__Activity__
Examine the records below and count how many lines contain the string "México". Give only the number.
-=-=-=-=-
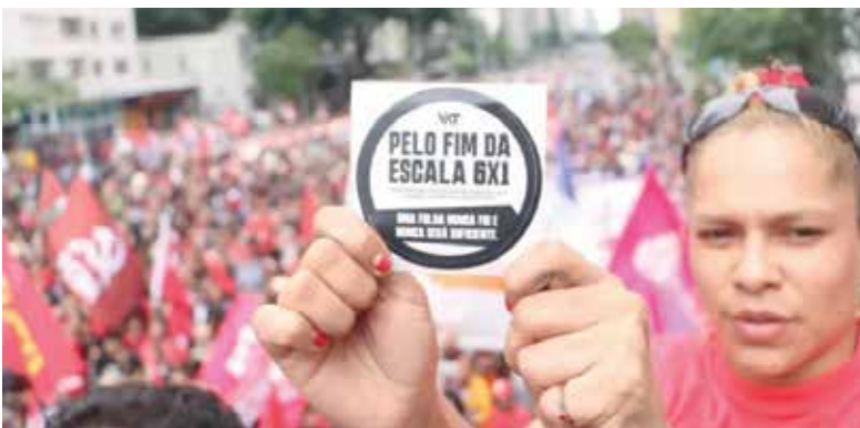
Fim da escala 6x1, uma necessidade para humanizar as relações de trabalho

Na prática, a exploração de 6 dias trabalhados consecutivamente e apenas um de folga está adoecendo a população. Daí a manutenção da luta da classe trabalhadora junto ao movimento sindical para pressionar o Congresso Nacional para aprovar à medida que acaba com a escala 6x1.
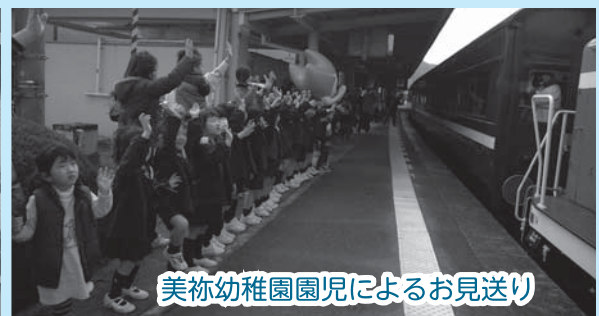
美祢幼稚園園児によるお見送り
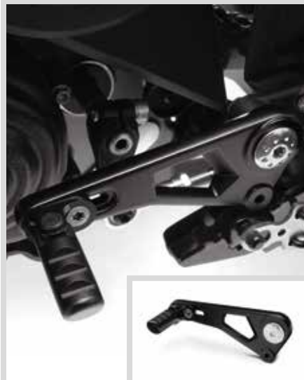
F. VERSTELLBARES OFFROAD-BREMSHEBEL-KIT
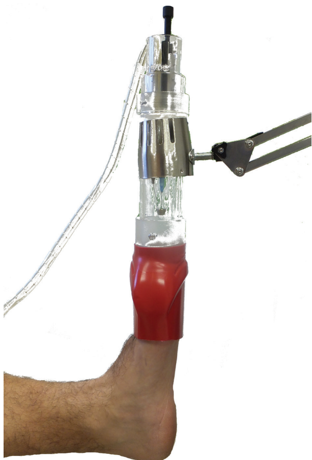
Obr. 2. Fotografie přístroje při expozici postižené končetiny nízkoteplotním plazmatem Zdroj plazmatu, schematicky znázorněný na obrázku 1, je uzavřen v plexisklovém pouzdře a upevněn v teleskopickém držáku. Prsty exponované nohy jsou uzavřeny v plastovém obalu.

benhamiae ) a Nannizzia gypsea byl kompletně inaktivován jen jeden ze tří testovaných kmenů. Podrobněji uvádějí výsledky těchto in vitro studií Soušková et al. [23, 25] a Scholtz et al. [18].
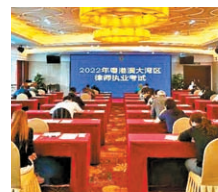
大灣區律師執業資格考試吸引越來越多香港律師到大灣區內地發展。

此次《規劃》，重點內容為加強與港澳等境內外法律服務行業合作。在平台建設方面，廣州將指導把南沙粵港澳大灣區法律服務集聚區打造為以涉外法律服務為主的粵港澳法律服務業全面合作示範區，走平台化、規範化、國際化的發展路徑，融合訴訟、仲裁、公證、司法鑒定等高端法律服務資源。據了解，位於南沙創享灣的粵港澳大灣區法律服務集聚區於2020年啟用，目前，大灣區法律服務集聚區已吸引超過30家法律服務相關機構進駐。在與港澳業界具體合作方面，將完善內地與
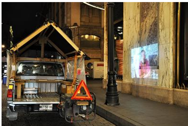
Imagen 6. Video instalación y performance: Migrantes silenciosos auto, parlante . Centro de información, México, 2019

Otro incidente de origen popular que sirvió para encadenar formalmente de manera sincrética las posibilidades conceptuales con la estructura presentacional de la obra consistió en valorar los altos niveles de contaminación auditiva que se ponderan en la Ciudad de México; aquí es común escuchar ruidos ensordecedores como las sirenas de las patrullas de policía, ambulancias y alto parlantes de todo tipo que incrementan el volumen de manera indiscriminada. En las colonias de la Ciudad de México circulan carros viejos con bocinas y grabaciones que anuncian la compra de chatarra y fierros viejos con voces que pertenecen a la tradición popular. El alto volumen y el ruido que se percibe en el entorno público es ocasionado por vehículos y vendedores callejeros que gritan por micrófonos y altavoces en las plazas públicas, afuera de las estaciones del metro y en lugares de congregación masiva, incrementando la contaminación auditiva. Estos elementos se utilizaron en la performance cuya presentación conllevó un segmento que puede ser entendido desde las teorías sobre la instalación artística.
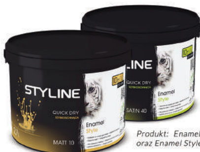
Produkt: Enamel Style Matt oraz Enamel Style Satin

Polecamy pięć odcieni, które nadadzą Twoim meblom nowego życia, idealnie wkomponują się do każdego stylu pokoju i przez kolejne lata będą cieszyły Twoje oko! Eleganckie kolory stworzą klimat który ma niezwykłą moc. Ulotne chwile zatrzymają się, a Ty powrócisz do wspomnień i niezapomnianych momentów związanych z meblem.
-=-=-=-=-
__Problem solution__
2